After the swinging "So Weary", the highlight of the evening came in the form of "Convolution". After a jerky opening with pizzicato violin and atonal plucking by Abercrombie, Baron joined in with intermittent outbursts. Very quickly, the jam got very bizarre, rounded out by Mcguirk's thick bowing. Abercrombie's playing gained velocity. Baron, who had been holding back all set, took full opportunity to let loose. He dropped into a funky fusion break and Abercrombie left the audience stunned by his best guitar god approximation. Leaving all reserve aside, Abercrombie followed Baron's furious lead and just wailed; playing rock riffs with full sustain and long shrieking notes. The Jazz Standard was temporarily transformed into the Fillmore West and the set ended to thunderous applause and hooting, appropriate for an arena rock act.
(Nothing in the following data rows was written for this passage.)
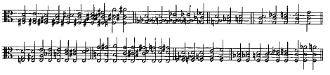 G-D-A현에서 가능한 삼중음들도 C-G-D현에서의 삼중음들은 악보화한것과 같은 방식으로 표시될 수 있다. 위의 삼중음들은 모두 제1포지션에서 가능하며 모든 어색한 삼중음들은 삭제한 것들이기 때문에 어렵지 않게 연주될 수 있을 것이다.
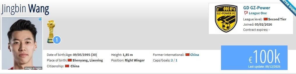 北京时间2月5日,德转更新,原石家庄功夫球员高华泽、王靖斌加盟广东广州豹。
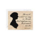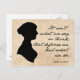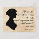"It Isn't What We Say or Think That Defines Us, But What We Do" Jane Austen quote on a Postcard. Features vintage paper background, a Jane Austen silhouette, and hand written quote from Sense and Sensibility.
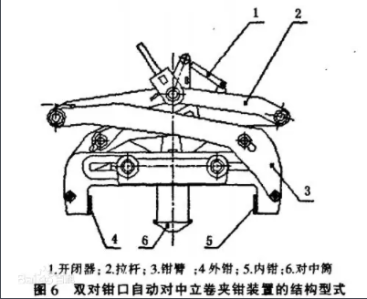 2)雙對鉗口自動對中立卷夾鉗裝置。雙對鉗口自動對中立卷夾鉗裝置的結(jié)構(gòu)型見圖6。

The second set began where the first left off. "On the Loose", which commenced in a moody vein, soon gained energy and had Abercrombie shifting back to the rock pyrotechnics that ended the first set. Beginning slowly, by the end Abercrombie was playing lightning fast triplets over Baron's demonic drum work (please excuse these overused rock clichés but for once they are accurate). Abercrombie indirectly commented on this drastic stylistic reversal by telling the audience after the piece "my main influences are Jim Hall and Wes Montgomery. Can't you tell?" and introducing the group as "Shrapnel". "The lovely ballad "Spring Song" for his second most recent ECM album "Open Land" marked a return to placidity. This slower piece gave the audience the opportunity to appreciate McGuirk, a last-minute replacement for the advertised Marc Johnson. Playing with these three phenomenal musicians and with little preparation, Mcguirk did an extremely good job. The title track from "Open Land" followed, one of the best pieces of modern fusion written in the last 10 years. Working from a swinging pace, the tempo increased and featured a frantic solo by Feldman, full of thrilling chromatic runs. Abercrombie's solo began very quietly, full of subtlety. As it progressed, Abercrombie took off, trilling mercilessly as Feldman sawed away as accompaniment. This led back to the melody, recapitulated in various tempos and feels and then exploding into a reprise of the heavy rock feel of the earlier pieces. One of the best shows of this year ended with a complete turnaround-a very traditional piece in the style of Stephane Grappelli and Django Reinhardt. The quartet's playing was quite straight, settling down the audience after over two hours of volatility. Abercrombie and company confirmed that this extremely talented and surprising tight group could run the gamut of music and make it all fantastic.